Work instruction: Exact copy, no pictures: set down the lines from the one holding "farfars tid ////" through the final line of the records below.

Data to use:

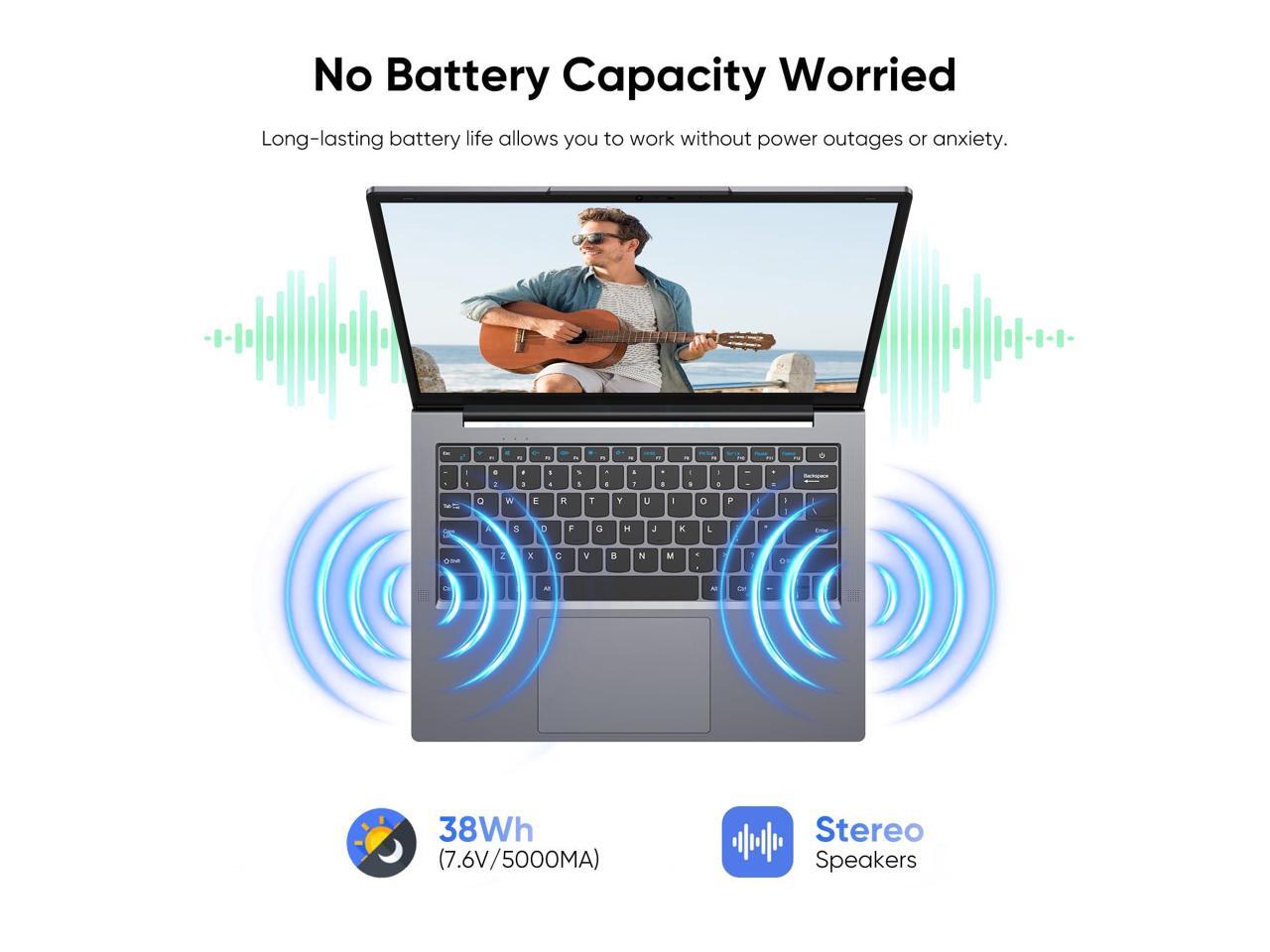 - [(All-Day Battery Life)] 38Wh battery + 12V/2A fast charging keeps you powered for hours, with dual speakers, HD camera, and US keyboard included.
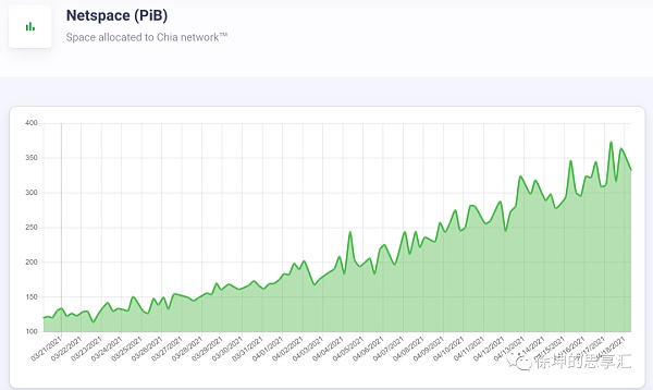 Chia主网开启一个月以来,算力稳定增长,截至2021年4月18日,Chia主网的算力为333PiB,峰值达到373PiB。
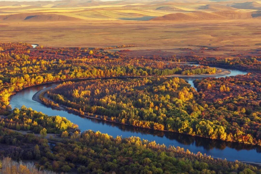 G331国道南下穿越大兴安岭,来到额尔古纳湿地。作为“亚洲第一湿地”,这里的秋色媲美喀纳斯,不输九寨沟,弯曲清澈的水在彩林中穿越环绕,美不胜收。
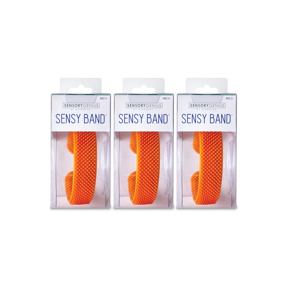 The Sensory Genius line allows busy hands to be productively active so the mind can focus. The Sensy Band's soothing textured silicone is the secret behind it's ability to calm and focus the mind. The bright orange band is easy to "slap" on and take off and adjusts to any wrist size. When not worn the Sensy Band is fun and satisfying to bend and curl. The soft silicone bristles are irresistible to the touch. Ages 5+. Pack of 3 Sensy Bands.
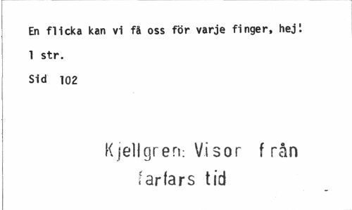 //// En flicka kan vi få oss för varje finger, hej i 1 str. Sid 102 //// Kjellgren: Visor f rån farfars tid ////
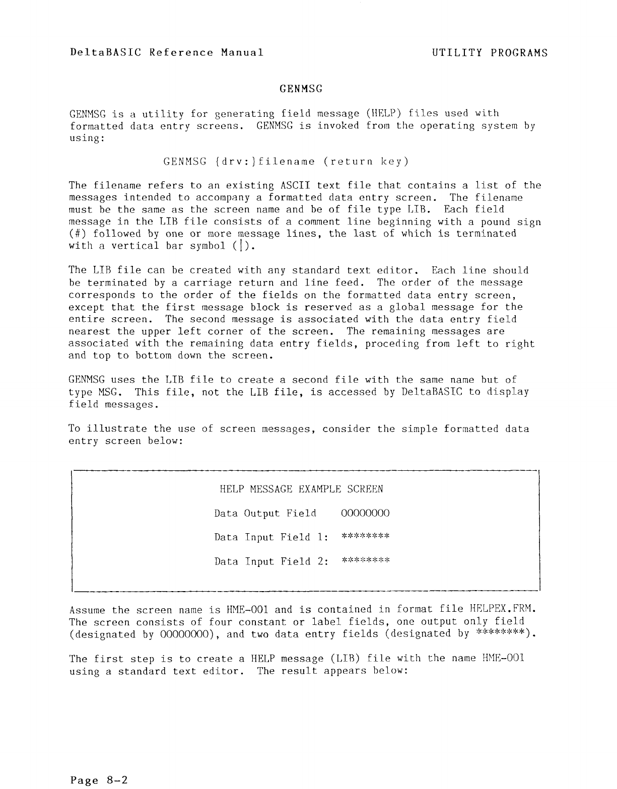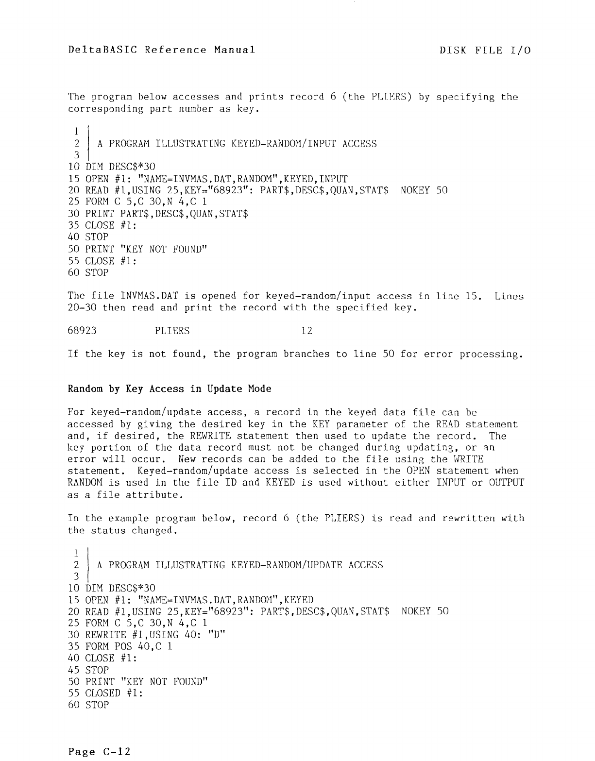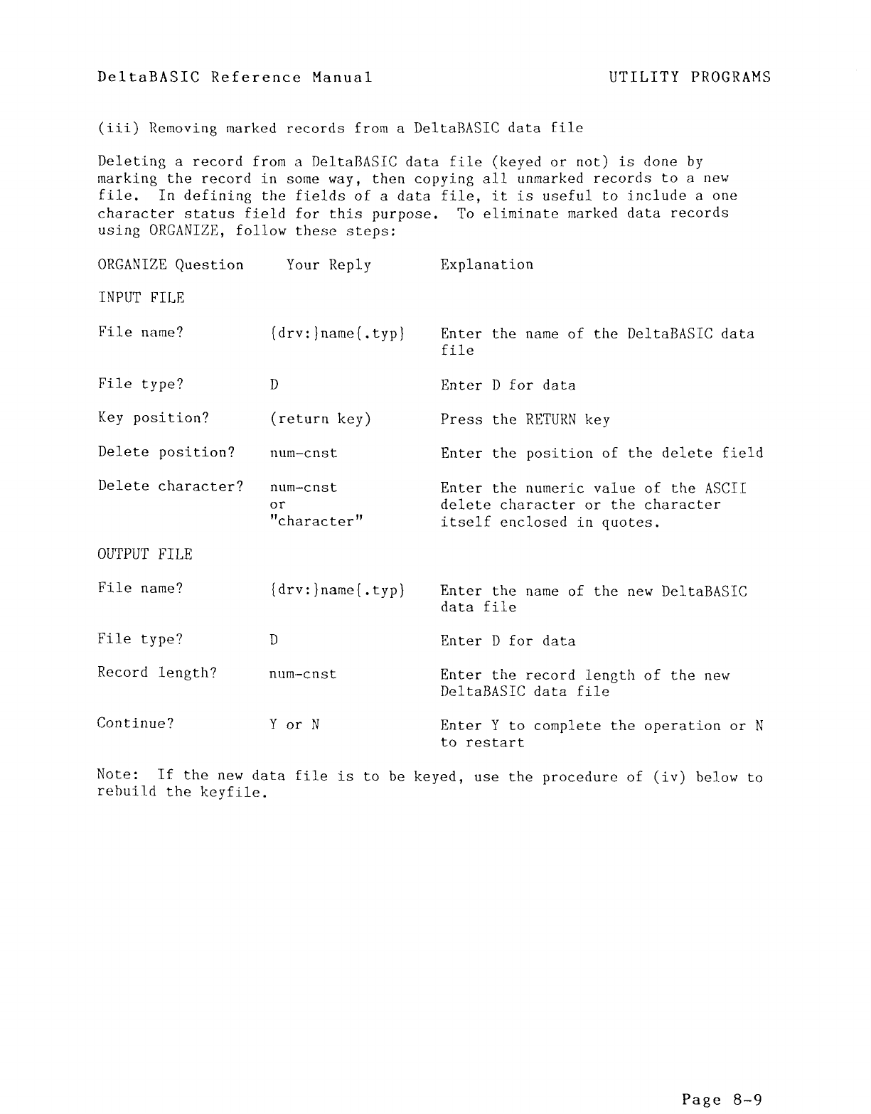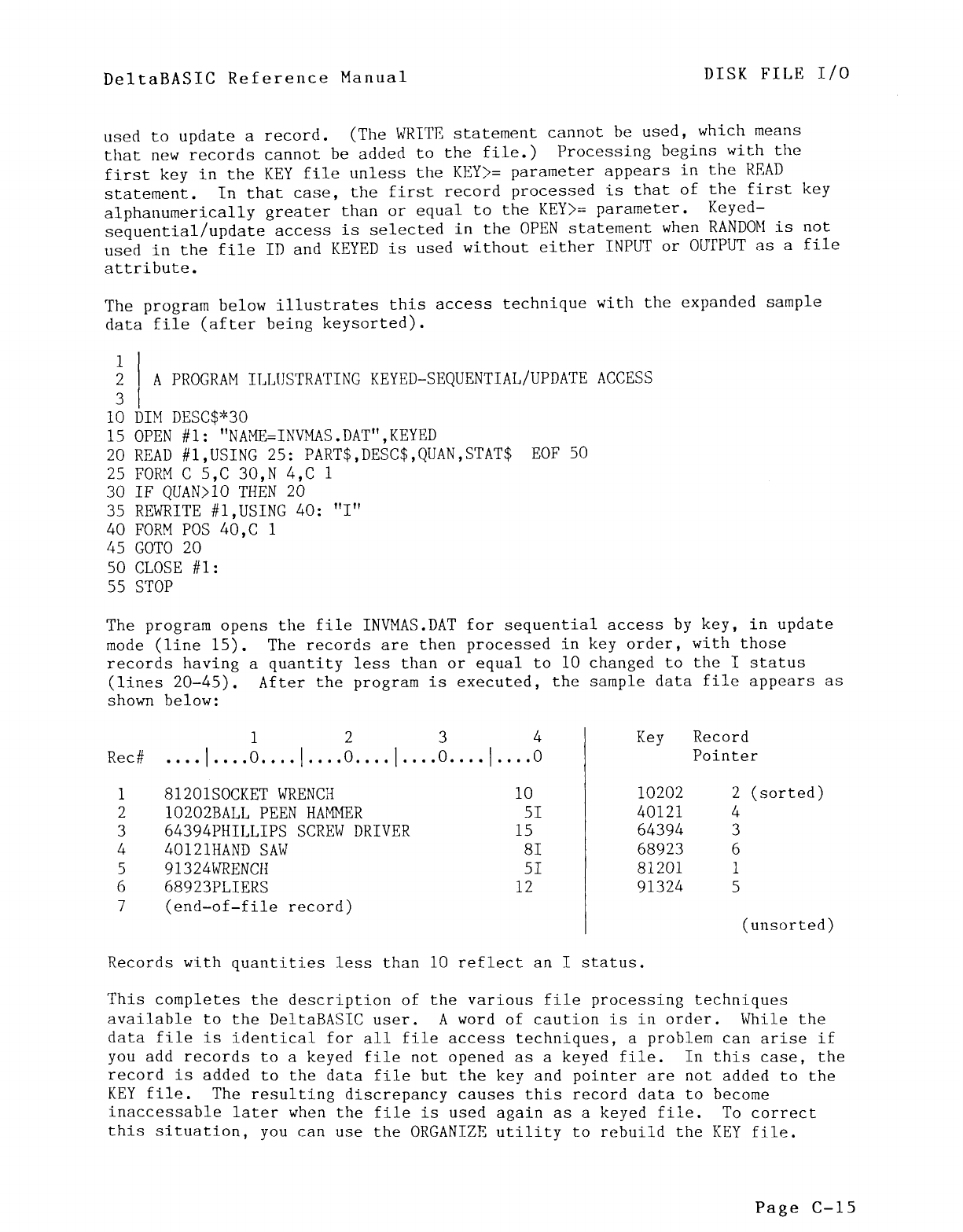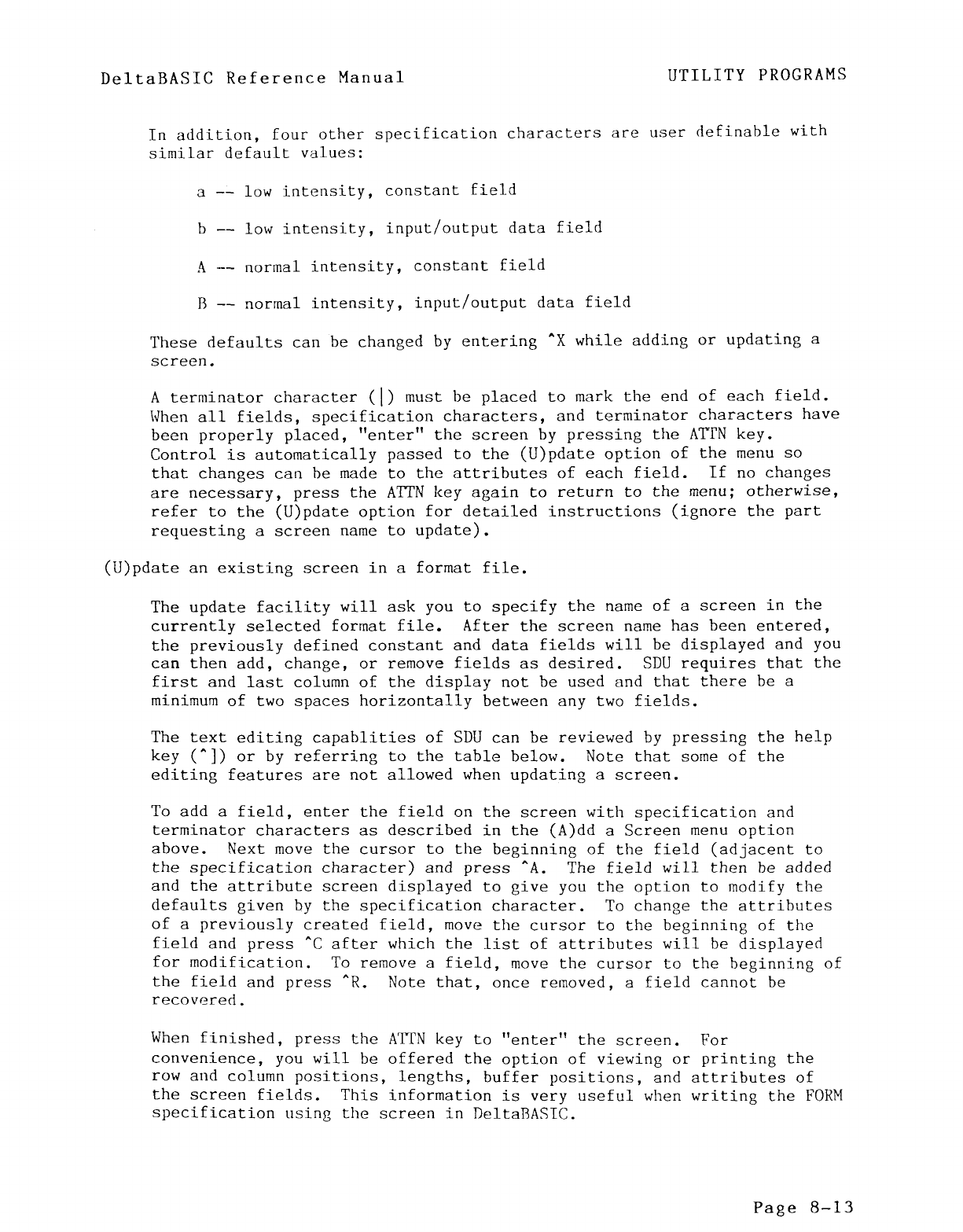 DeltaBASIC provides fast access to files, using rapid UTILITY PROGRAMS INCLUDED Mandatory Field Entry/Fill

Exercise answer:
 //// En flicka kan vi få oss för varje finger, hej i 1 str. Sid 102 //// Kjellgren: Visor f rån farfars tid ////
 DeltaBASIC provides fast access to files, using rapid UTILITY PROGRAMS INCLUDED Mandatory Field Entry/Fill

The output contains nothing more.